Category: Construction

By Wendy McLellan
Business reporter

Matthew Stevenson’s passion for the trades has taken him a long way from the tools, but now he helps others find work in the industry he has loved since he was a teenager.

“You need to have passion. If you’re doing work as a means to an end, get out,” Stevenson said.

“I’ve got a passion for the trades and getting people into the trades.”

Stevenson began his career as a winder electrician apprentice in Scotland when he was 15 years old, following in the family tradition of pursuing a trade.

“I always wanted to go into a trade,” he said. “I knew I would pretty much be employed and I wanted security, so I picked a trade that is in demand all over the world.”

After a five-year apprenticeship learning to maintain, test, rebuild and repair electric motors, transformers and other electrical components, Stevenson travelled to work in Britain, Saudi Arabia, the U.S. and finally, in 1977, Canada. He became service manager for a company in Grand Prairie, Alta., then moved to B.C. 10 years later to become foreman of a company’s electrical department.

“It’s one of those trades that allows you to work pretty much anywhere, and when the economy is up or down, you can transfer the skills to different jobs — and the bonus is, you earn a lot of money.”

Stevenson is passionate about his trade, but he’s also committed to learning. He went back to school to earn a certificate as an adult educator, then worked as a career counsellor for the construction industry trades. He went back to school again and earned a master’s degree in adult education from Simon Fraser University in 2001.

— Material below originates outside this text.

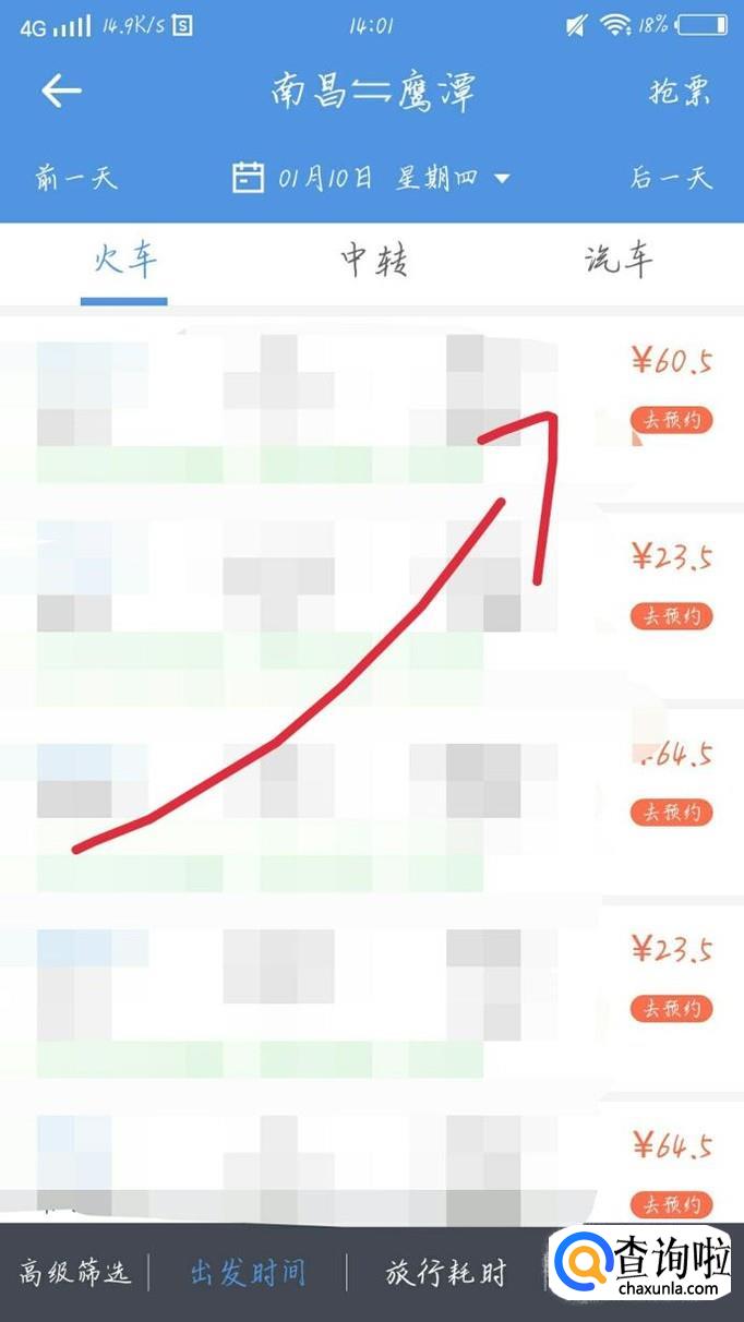 点击一个时间点,如图1箭头所示。你会看到出现一个新的界面,点击“预订”选项,如图2箭头所示。
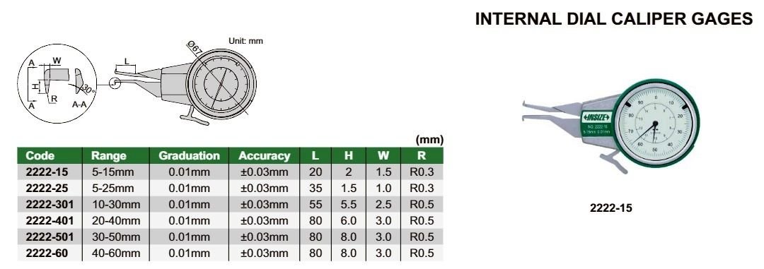 VÝPRODEJ INSIZE 2222-60 číselníkový úchylkoměr s měřicími rameny pro vnitřní měření 40-60mm / 0,01mm

“I’m a believer in lifelong learning to advance your career,” he said. “But if everything fell apart, I could still go back and get a job as a winder electrician. They always need qualified, capable people to do it.”

Currently, Stevenson is working with new Canadians, introducing them to the trades, highlighting the options a career in the trades can offer and how to transfer their skills into trades training.

For the past two years, he has worked in the BC Construction Association’s Immigrant Skilled Trades Employment Program (ISTEP) which helps immigrants access employment in construction and the trades. In that time, he has worked with about 800 immigrants and placed, directly or indirectly, about 500 workers in construction-industry jobs.

As well, he works with agencies in Vancouver’s Downtown Eastside to place people from the community on job sites or to give them the technical training they need to get jobs on nearby construction sites.

“These are people with challenges, but we meet with them, evaluate their skills, provide support on the job site and coach them to try to get them into trades apprenticeships,” Stevenson said, adding 19 workers from the community are working on the Olympic Village site and there are plans to place 40 or 50 more in the coming months.

“There is so much to do to make Canada better for everyone. I think I contribute just a little to that.”